Many efficient approximate self-attention techniques have become prevalent since the inception of the transformer architecture. Two popular classes of these techniques are low-rank and kernel methods. Each of these methods has its own strengths. We observe these strengths synergistically complement each other and exploit these synergies to fuse low-rank and kernel methods, producing a new class of transformers: FLuRKA (Fast Low-Rank and Kernel Attention). FLuRKA provide sizable performance gains over these approximate techniques and are of high quality. We theoretically and empirically evaluate both the runtime performance and quality of FLuRKA. Our runtime analysis posits a variety of parameter configurations where FLuRKA exhibit speedups and our accuracy analysis bounds the error of FLuRKA with respect to full-attention. We instantiate three FLuRKA variants which experience empirical speedups of up to 3.3x and 1.7x over low-rank and kernel methods respectively. This translates to speedups of up to 30x over models with full-attention. With respect to model quality, FLuRKA can match the accuracy of low-rank and kernel methods on GLUE after pre-training on wiki-text 103. When pre-training on a fixed time budget, FLuRKA yield better perplexity scores than models with full-attention.
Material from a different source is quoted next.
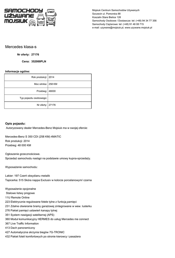 Mojsiuk Centrum Samochodów Używanych Szczecin ul. Pomorska 88 Koszalin Stare Bielice 128 Samochody Osobowe / Dostawcze: tel: (+48) 94 34 77 356 Samochody Ciężarowe: tel: (+48) 91 48 08 715 e-mail: [email protected], www.uzywane.mojsiuk.pl Mercedes klasa-s Nr oferty: 27176 Cena: 352000PLN Informacje ogólne: Rok produkcji: 2014 Moc silnika: 258 KM Przebieg: 48000 Typ pojazdu osobowego: Nr oferty: 27176 Opis pojazdu: Autoryzowany dealer Mercedes-Benz Mojsiuk ma w swojej ofercie: Mercedes-Benz S 350 CDI (258 KM) 4MATIC Rok produkcji: 2014 Przebieg: 48 000 KM Ogłoszenie grzecznościowe. Sprzedaż samochodu nastąpi na podstawie umowy kupna-sprzedaży. Wyposażenie samochodu: Lakier: 197 Czerń obsydianu metalik Tapicerka: 515 Skóra nappa Exclusiv w kolorze porcelanowym/ czarna Wyposażenie opcjonalne Stalowe listwy progowe 11U Remote Online 223 Elektrycznie regulowane fotele tylne z funkcją pamięci 231 Zdalne otwieranie bramy garażowej zintegrowane w wew. lusterku 276 Pakiet pamięci ustawień kanapy tylnej 351 System nawigacji satelitarnej (APS) 360 Moduł komunikacyjny HERMES do usług Mercedes me connect 367 Live Traffic Information 413 Dach panoramiczny 427 Automatyczna skrzynia biegów 7G-TRONIC 432 Pakiet foteli komfortowych po stronie kierowcy i pasażera 448 Interfejs sterowany dotykowo (Touchpad) 463 Wyświetlacz head-up 475 Kontrola ciśnienia w oponach (RDK) 481 Osłona silnika 531 COMAND Online 581 THERMOTRONIC - klimatyzacja automatyczna 61U Podsufitka designo DINAMICA w kolorze czarnym 776 Poszerzony rozstaw kół dla AMG 815 Odtwarzacz DVD 877 Oświetlenie ambient 8U8 Mocowanie fotelików dziecięcych i-Size/ISOFIX 902 Ogrzewanie komfortowe foteli Plus po stronie kierowcy i pasażera 950 Linia AMG 289 Kierownica w drewnie i skórze 729 Elementy wnętrza z drewna topoli w kolorze czarnym, połyskujące 772 Stylizacja AMG 793 19\" obręcze AMG z 5 podwójn. ramion., w szarości tytanu i nabłyszcz., P: 245/45 R 19, T: 275/40 R 19 U26 Dywaniki AMG z napisem «AMG» B03 Funkcja start/stop B51 TIREFIT P09 Pakiet przeciwsłoneczny 297 Rolety przeciwsłoneczne w drzwiach tylnych 540 Elektrycznie sterowana roleta tylnej szyby P17 Pakiet KEYLESS-GO 871 HANDS-FREE ACCESS (bezdotykowe otwieranie klapy bagażnika) 881 Zdalne odblokowanie klapy bagażnika z dociąganiem zamykania 889 KEYLESS-GO P20 Pakiet wspomagania jazdy Plus 233 Aktywny tempomat DISTRONIC PLUS 237 Aktywny asystent \"martwego punktu\" 238 Aktywny asystent utrzymania pasa ruchu 253 System ostrzegający przed uderzeniami z tyłu 266 DISTRONIC PLUS z asystentem układu kierowniczego i Stop & Go Pilot 268 BAS PLUS z asystentem pokonywania skrzyżowań 269 Asystent wspomagania nagłego hamowania BAS PLUS 271 PRE-SAFE® PLUS 300 Hamulec PRE-SAFE P21 Pakiet AIR-BALANCE (system zapachowy z filtrowaniem i jonizacją) P34 Pakiet Exclusive 735 Pakiet elementów wnętrza Exklusiv U25 Listwy progowe z podświetlanym napisem „Mercedes-Benz” P35 Pakiet inteligentnych reflektorów ILS w technologii LED 628 Asystent świateł drogowych 642 LED Intelligent Light System P44 Pakiet asystenta parkowania 218 Kamera cofania 235 PARKTRONIC z aktywnym asystentem parkowania P54 Pakiet zabezpieczenia pojazdu 551 Alarm (EDW) P64 Pakiet pamięci foteli po stronie kierowcy i pasażera 249 Samościemniające lusterka zewnętrzne 275 Pamięć foteli po stronie kierowcy i pasażera, regulacji lusterek zewn. i kolumny kierownicy 439 Komfortowe zagłówki EASY ADJUST po stronie kierowcy i pasażera R05 Opony letnie U10 Czujnik poduszki powietrznej z przodu po stronie pasażera U60 System ochrony pieszych Bezwypadkowy Serwisowany Zadbany Jeden właściciel Cena katalogowa nowego samochodu z wyposażeniem : 570 000 zł BRUTTO Niniejsze ogłoszenie jest wyłącznie informacją handlową i nie stanowi oferty w myśl art. 66, § 1. Kodeksu Cywilnego. Sprzedający nie odpowiada za ewentualne błędy lub nieaktualność ogłoszenia. KONTAKT HANDLOWY: TEL. 692-409-582 TEL. 795-142-622 Jeżeli w naszej ofercie nie ma samochodu który Państwa interesuje proszę o kontakt telefoniczny pod nr tel. 795-142-622 lub przybycie do siedziby naszej firmy Mercedes-Benz Mojsiuk przy ul. Pomorskiej 88. Istnieje możliwość wyszukania indywidualnej oferty na samochód używany. 795-142-622 Jest to informacja handlowa nie stanowiąca oferty w rozumieniu prawa cywilnego, kolory na zdjęciach mogą być inne niż w rzeczywistości. Oferta nie przedstawia rzeczywistych stanów magazynowych

翻译：自Transformer架构诞生以来，许多高效的近似自注意力技术已广泛应用。其中两类主流技术是低秩方法和核方法。这两种方法各有优势。我们观察到这些优势具有协同互补性，并利用这种协同作用将低秩方法与核方法相融合，从而产生了一类新的Transformer——FLuRKA（快速低秩与核注意力）。FLuRKA相比这些近似技术实现了显著的性能提升，同时保持高质量。我们从理论和实证两方面评估了FLuRKA的运行时性能和质量。运行时间分析给出了FLuRKA能够实现加速的多种参数配置，而精度分析则界定了FLuRKA相对于全注意力的误差。我们实例化了三种FLuRKA变体，在实际运行中，相较于低秩方法和核方法分别实现了最高3.3倍和1.7倍的加速，这对应着相较于全注意力模型最高30倍的加速。在模型质量方面，FLuRKA在wiki-text 103上预训练后，能够在GLUE基准上匹配低秩方法和核方法的准确率。当在固定时间预算下进行预训练时，FLuRKA相比全注意力模型获得了更好的困惑度分数。